3.5 BAHASA TULIS DAN SISTEM AKSARA
Dalam bagian terdahulu sudah disebutkan bahwa bahasa adalah sebuah sistem bunyi.
Jadi, bahasa itu adalah apa yang dilisankan. Juga sudah disebutkan bahwa linguistik melihat
bahasa itu adalah bahasa lisan, bahasa yang diucapkan, bukan yang dituliskan. Linguistik bahasa
adalah primer sedangkan bahasa tulis adalah sekunder. Bahasa lisan lebih dulu dari bahasa tulis.
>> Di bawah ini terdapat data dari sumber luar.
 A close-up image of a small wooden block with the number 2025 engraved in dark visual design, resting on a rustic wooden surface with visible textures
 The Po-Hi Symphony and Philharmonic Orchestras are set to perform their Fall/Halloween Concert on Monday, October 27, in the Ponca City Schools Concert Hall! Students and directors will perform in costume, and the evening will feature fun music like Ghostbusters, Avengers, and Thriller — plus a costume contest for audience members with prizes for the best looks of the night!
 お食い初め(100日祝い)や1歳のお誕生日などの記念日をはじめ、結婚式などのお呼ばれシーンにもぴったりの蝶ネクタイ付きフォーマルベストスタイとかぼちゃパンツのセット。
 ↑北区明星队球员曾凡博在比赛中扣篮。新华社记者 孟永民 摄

Malah hingga saat ini masih banyak bahasa di dunia ini yang belum punya tradisi tulis. Artinya,
bahasa itu hanya digunakan secara lisan, tetapi tidak secara tulisan.
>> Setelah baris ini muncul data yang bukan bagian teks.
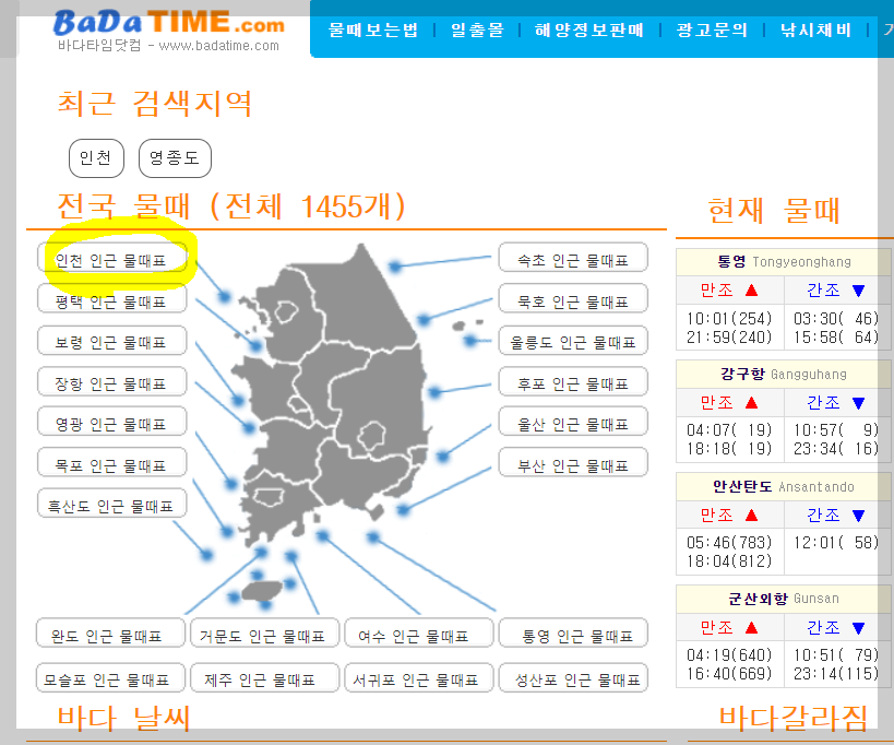 가장 먼저, 바다타임 사이트에서 원하는 지역을 선택해줍니다.

Meskipun dikatakan bahasa lisan adalah primer dan bahasa tulis sekunder, tetapi peranan
atau fungsi bahasa tulis di dalam kehidupan modern sangat besar sekali.
Para ahli dewasa ini memperkirakan tulisan itu berawal dan tumbuh dari gambar-gambar
yang terdapat di gua-gua di Altamira diSpanyol utara, dan di beberapa tempat lain. Pada zaman
modern pun pictogram ini masih banyak digunakan orang sebagai alat komunikasi.
Aksara paku kemudian diambil oleh orang Persia, yakni pada zaman Darius I (522-468
SM). System yang demikian yang menggambarkan suku kata disebut aksara silabis. Aksara
silabis Mesir ini mempengaruhi system tulisan bangsa-bangsa lain, termasuk bangsa Fanesia,
yang hidup dipantai timur Laut Tengah. Aksara Fenesia terdiri dari 22 buah suku kata. Jadi
aksara fenesia ini setiap aksaar melambangkan satu konsonan yang diikuti oleh satu vocal.
Dalam pembicaraan mengenai bahasa tulis dan tulisan kita menemukan istilah-istilah
huruf, abjad, alphabet, aksara, graf, grafem, alograf, dan juga kaligrafi dan grafiti. Dalam
kehidupan manusia aksara ternyata tidak hanya dipakai untuk keperluan menulis dan membaca,
tetapi juga telah berkembang menjadi suatu karya seni yang disebut kaligrafi, atau secara harfiah
biasa diartikan sebagai seni menulis indah.